Over the past 24 years Dr. Siegel and his Submillimeter Wave Advanced Technology team at JPL and Caltech have developed and delivered critical sensor hardware for four space flight missions: NASA’s Upper Atmospheric Research Satellite Microwave Limb Sounder, the first instrument to directly measure the anti-correlation between chlorine monoxide build up and ozone depletion on a global scale; NASA’s Earth Observing System Aura Microwave Limb Sounder currently measuring a wide range of stratospheric molecular species involved in ozone depletion, global water distribution, climate change and pollution monitoring across the Earth; European Space Agency’s Microwave Instrument on the Rosetta Orbiter (MIRO), scheduled to rendezvous with comet Churyumov-Gerasimenko in 2014 and measure nuclear temperature and out gassing rates of carbon monoxide, water, ammonia and methanol; and most recently the Heterodyne Instrument for the Far Infrared (HIFI) on the European Space Agency’s Herschel Space Telescope, an ambitious astrophysics mission to record thousands of molecular signatures between 300 and 1900 GHz in and around star forming regions and in external galaxies, as a means of understanding the composition and evolution of the universe. Future mission opportunities include a Discovery class instrument for Venutian cloud measurements, Vesper; a Mars orbiter searching for volcanic emission and life signatures, Marvel/SIGNAL (Submillimeter Investigation of Geothermal Networks and Life); and a Europa orbiter previewing a new technique, Terahertz Radar Absorption Chemistry Experiment (TRACE) being pioneered in the SWAT group, to detect signatures from chemicals sputtered off the Europan surface by the high intensity radiation environment around Jupiter. Third generation Earth science and several new astrophysics missions are also in the near and long term planning and proposal phases.
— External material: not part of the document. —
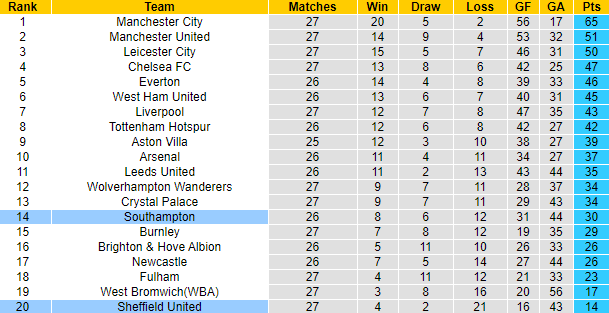 Sheffield United vẫn đang xếp ở vị trí đội sổ trên bảng xếp hạng Premier League 2020/21. Sau 27 trận, Sheffield United giành 14 điểm, ghi 16 bàn, thủng lưới 43 lần. Trong khi đó Southampton sau 26 trận đã giành được 30 điểm, xếp ở vị trí thứ 14. Trong vòng 3 trận đối đầu Sheffield United gần đây, Southampton toàn thắng. Vì vậy việc Southampton được đánh giá cao hơn đối thủ ở trận đấu sắp tới là hoàn toàn hợp lý.

In addition to Earth, planetary and space science, Dr. Siegel is interested in terrestrial applications of terahertz imaging and spectroscopy and has been actively pursuing several related initiatives in the health and biological sciences at Caltech as well as defense and security applications at both Caltech and JPL. The very first National Institute of Health program in the terahertz field, granted to Dr. Siegel in 2002, had the goal of developing high signal-to-noise imaging and spectroscopy instruments for disease diagnostics. A second THz NIH program to develop low loss terahertz waveguide for endoscopy applications has also been completed. A consortium proposal with Stanford University School of Medicine and ZOmega Inc. to apply this newly established terahertz frequency and time domain instrumentation to skin cancer, in the first US health science application of terahertz in a clinical environment is currently pending. Additional work has also just begun on the thermal and non- thermal effects of millimeter and submillimeter-wave radiation on cellular systems. This work is being undertaken in conjunction with the Caltech biology division and a neurophysiologist, Dr. Victor Pikov, at the Huntington Medical Research Institute. Significant expansion of the biological science work at Caltech is planned for 2012/13 through US NIH, NSF, DoD and a European HFSP proposal with Italy and Korea. Emphasis is being placed on affecting and monitoring cell processes under high frequency, low power, RF exposure. A major goal is to use millimeter waves to stimulate cell membrane depolarization and the formation of nanopores thereby allowing direct, non-contact control of chemical transport. Initial results have now provided the first definitive measurements of significant change in membrane permeability and action potential firing rates on ex vivo cortical neurons from rat pups and neural ganglia in the medicinal leech. In addition, a partnership is planned with UC Berkeley Professor Richard Saykally to use existing and new THz spectroscopy instrumentation for the examination of large molecular count water clusters.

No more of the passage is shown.